Хофман продолжал смотреть на улицу, раздумывая над тем, как долго еще эти двое собираются сшиваться здесь без дела. Получают-то они небось по полторы ставки за работу в ночное время... В два часа раздался условный стук в дверь. Рабочий, стоявший под козырьком входа, так и не двинулся с места, и тот второй тоже не возвращался.

Хофман открыл дверь, за которой стоял Пат Шуйлер, державший в руке небольшой пакет из коричневой оберточной бумаги. Они поприветствовали друг друга, после чего Шуйлер протянул ему сверток, сказав при этом:

— А у нас внизу сидит шикарная кошечка.

— Правда, что ли?

— Можешь сам убедиться.

Хофман глянул вниз через перила в сторону вестибюля и согласно кивнул.

— Вон там, — сказал он. — Как ты думаешь, кого она там дожидается?

— Ну уж точно не таких старых козлов, вроде нас с тобой, — сказал Шуйлер. — Уж это точно.

— Ты говори за себя, — усмехнулся Хофман и закрыл дверь.

Когда шаги за дверью затихли, Джордж Долник вышел из хранилища, держа в руке свой бумажный пакет с едой.

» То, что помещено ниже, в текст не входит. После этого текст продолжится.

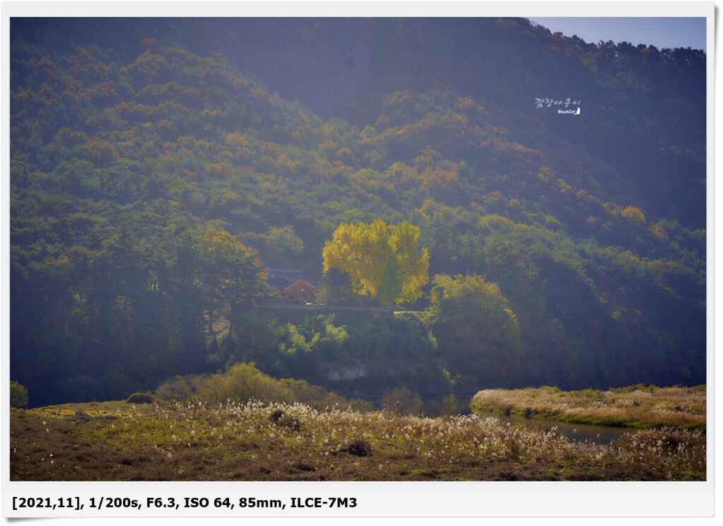 위에 두 사진을 보시면 아시겠지만 위 사진은 해가 뜬 뒤에 찍은 사진이고 아래 사진은 해가 아직 산을 넘어 오기전인데 차이가 확 나는게 보이시죠?? 예쁜 사진을 얻고 싶으시다면 해가 산을 넘어 금시당 백곡재의 은행나무를 비추는 그때 방문하셔야 좋을 거 같네요.
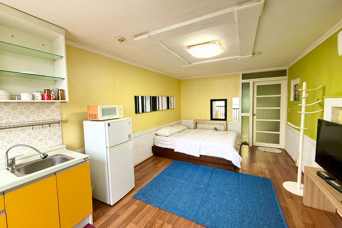 구비시설 TV(넷플릭스, 유튜브),침대,식탁,에어컨,냉장고,드라이기,취사도구,전기밥솥,전자레인지,핫플레이트,인터넷,객실샤워실,세면도구,난방,욕실용품,커피 메이커,소화기,화재 경보기
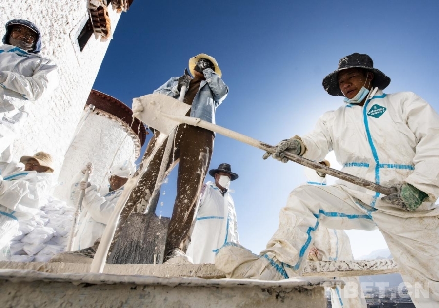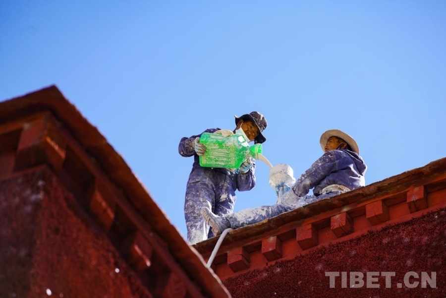 布達拉宮外墻粉刷一般持續(xù)7-10天,要在藏歷的9月22日之前全部完成。此刻,拉薩的雨季剛剛結(jié)束,冬季的寒冷結(jié)冰尚未到來,每年大家都趕在入冬之前完成這一浩大的粉刷工程。
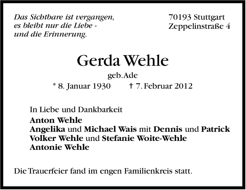 Hier finden Sie alle Traueranzeigen aus der Zeitung, die bisher für Gerda Wehle erschienen sind. Weitere Traueranzeigen, die in der Zeitung erscheinen, werden hier ebenfalls aufgelistet
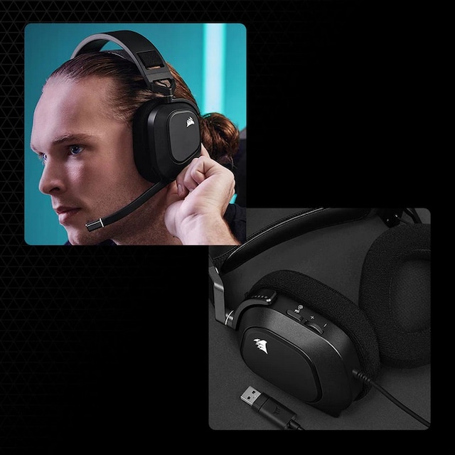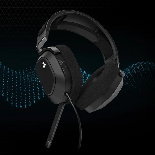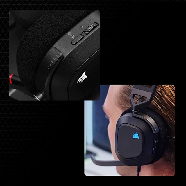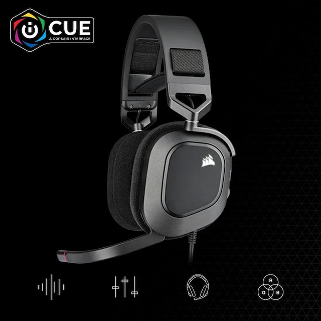 Programvaran CORSAIR iCUE ger dig full kontroll över ditt headset, med förinställda ljudprofiler, anpassade ljudinställningar, möjligheten att höra din egen röst i lurarna och anpassningsbar RGB-belysning.
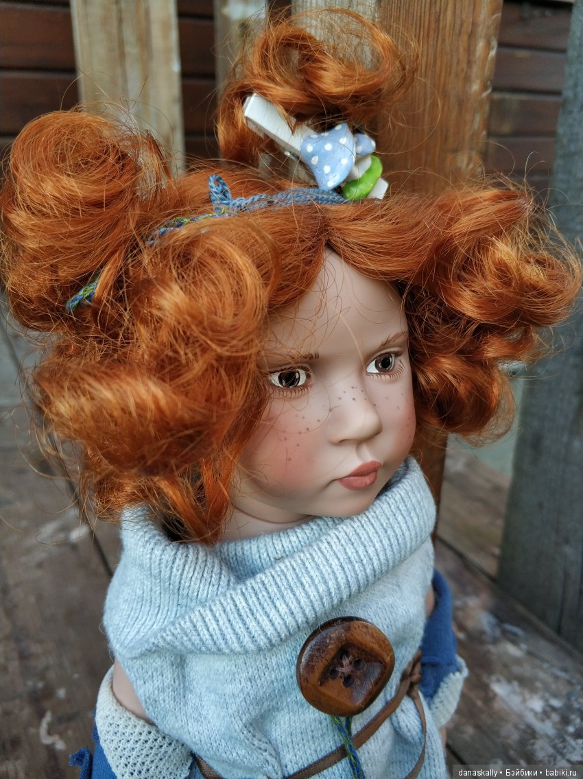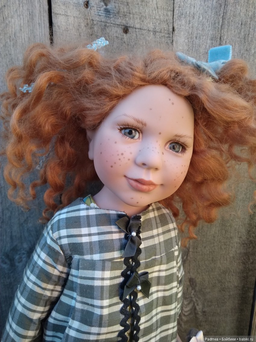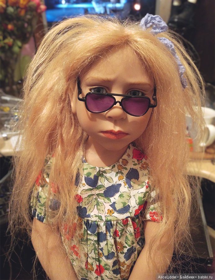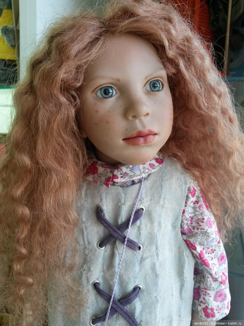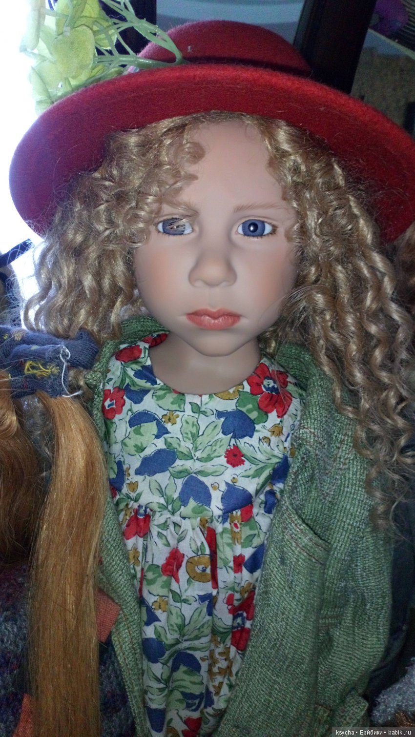После первого знакомства, когда шок немного прошел, пришла к мысли что несмотря на коллекционность и всё такое, надо что-то делать с волосами, за 11 лет жизни девчонки, не смотря на то что она жила в заботливых аккуратных и любящих руках, прическа с кудрями несколько подсвалялась и ни расчесать, ничего, а мне надо все тискать и трогать… Так что мы помыли голову, к сожалению кудри пропали, но после половины бутылки бальзама, волосы стали приятными на ощупь и блестящими, а кудри, что кудри?) Как появится настроение, буду учиться пользоваться папильотками :)

— Что, Фред, еще одна незабываемая ночка? А? — сказал он.

— С ума можно сойти, — отозвался Хофман.

Они расположились за небольшим столиком у окна и были готовы приступить к трапезе, когда чей-то резкий голос произнес:

— Не двигаться!

Хофман обернулся и увидел, как через стену в зал входят какие-то люди в масках.

Глава 4

Отто Майнзер чувствовал себя превосходно. Он казался себе высоким, сильным, умным и непобедимым. «Магнум-357» в его правой руке выглядел крошечным игрушечным пистолетом. Он решительно последовал за Паркером, прошел через дыру в стене, раздвинул тяжелые портьеры и сделал шаг влево, в то время как Паркер шагнул вправо. Отто Майнзер боковым зрением увидел, как, продвигаясь вдоль стены вслед за Паркером, из дыры появился Лемке.

Два частных охранника сидели за столом у окна. Рты их были набиты едой. Услышав отданный Паркером приказ, они обернулись и тут же покорно замерли.

Маска несколько ограничивала Майнзеру обзор, поэтому ему приходилось передвигаться медленно. Вытянув левую руку, он нащупывал столы и другие возможные препятствия. Пока Паркер и Лемке пробирались вдоль портьер к передней стене, Майнзер круто повернул налево, прошел по проходу между столиками и направился к охранникам.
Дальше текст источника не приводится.